By “starch,” he meant bread, potatoes, rice, cereals, and pasta.

LOL! In the good old days, they didn’t eat much of what we would call “pasta.” It would never have crossed my parents’ minds to serve a big bowl of spaghetti topped with fresh chopped tomatoes, basil, and shredded Parmesan. Spaghetti, to their generation of Americans, was some kind of ethnic food that entailed a full day of simmering a gloppy red sauce. Macaroni was served with cheddar cheese and white sauce. And noodles were to be smothered in rich beef, pork, or chicken gravy, preferably with cream added.

Yum. If it were just a little cooler (say, about 50 degrees cooler…) I sure could do with some of my mother’s beef strogonoff over noodles.

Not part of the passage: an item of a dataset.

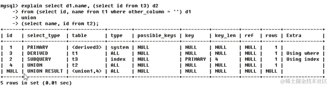 - id = 2 t3表用到了主键, 覆盖索引, 行数为1 select id from t3

Well, anyway. As soon as I quit eating “starch,” the weight started to drop.

We could say this is a modified Atkins diet. Actual, real Atkins, it is not. On My Daddy’s Diet, you’re allowed to eat anything you want except “starch” and desserts loaded with refined sugar (pie and cake, for example, would be nixed, but plain strawberries or peaches would be OK). Atkins wants you to stay off sweet, juicy, delicious fruits (at least at the outset) and certain kinds of veggies dubbed too high in carbs.

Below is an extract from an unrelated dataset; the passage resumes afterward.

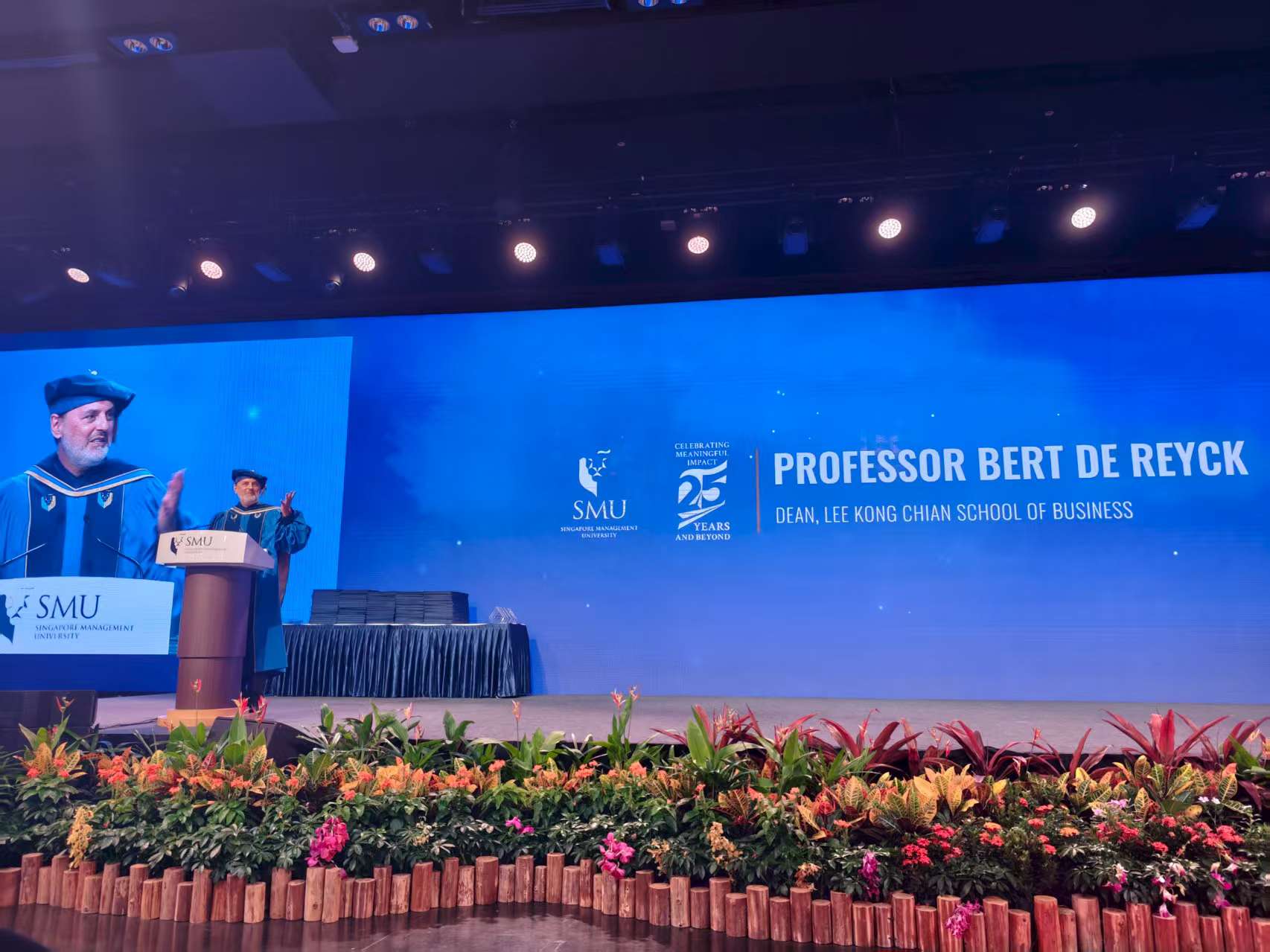 典礼上,李光前商学院院长Bert DE REYCK向全体毕业生致以最诚挚的祝贺,高度肯定了学员们在学习期间展现出的求知精神、专业素养和取得的卓越进步,并勉励他们将所学知识应用于实践,为社会创造更大价值。工商管理博士学位证书标志着同学们人生和职业生涯的一个重要里程碑。同学们纷纷表示,这段宝贵的学习经历不仅系统提升了他们的战略思维、领导力、跨文化沟通能力,更拓展了国际视野,建立了深厚的同窗情谊。

Sorry, Dr. A, but I wasn’t about to let the candy-sweet watermelon and the Costco flat of astonishing peaches in the fridge go to waste. So I’ve been blithely scarfing down two or three peaches a day, and as much as a quarter of a watermelon.

And I still lost weight!

Atkins also wants you to kick not just your alcohol habit but your caffeine habit: he theorized that caffeine somehow interfered with your metabolism. Right, sure. Life’s miserable enough without a bourbon and water in the afternoon. I’ll be darned if I’m doing without my morning coffee and my all-day iced tea supply. Matter of fact, as we scribble I’m swilling down coffee with élan.

And I still lost weight!

Hot dang.

Daddy’s scheme allows you to eat pretty well, without making you feel unduly deprived. Come to think of it, I don’t feel in any way deprived…now and again I push away from the table feeling I ate altogether too much. It’s just a matter of finding something unstarchy to substitute for your favorite cereal and potato products. For me, it’s been lettuce, lots of lettuce. Cabbage is good, too.

Breakfast looked a little problematic. Though I don’t eat much cereal (hate the processed stuff, and am not crazy about gooey cooked cereal), I’ve long been in the habit of fixing two pieces of bacon, two slices of toast, and about a gallon (so it seemed!) of orange juice frappéed with frozen strawberries.

I substituted a couple of sweet, flavorful tomatoey Campari tomatoes for the toast. With so much fruit in the house, often I’ve scarfed down a large peach or slab of melon in place of the juice, which itself consists of one large glass of OJ blended with about four large berries and a drop of vanilla extract. There’s been plenty of fruit at breakfast: a few days I’ve had a peach and watermelon!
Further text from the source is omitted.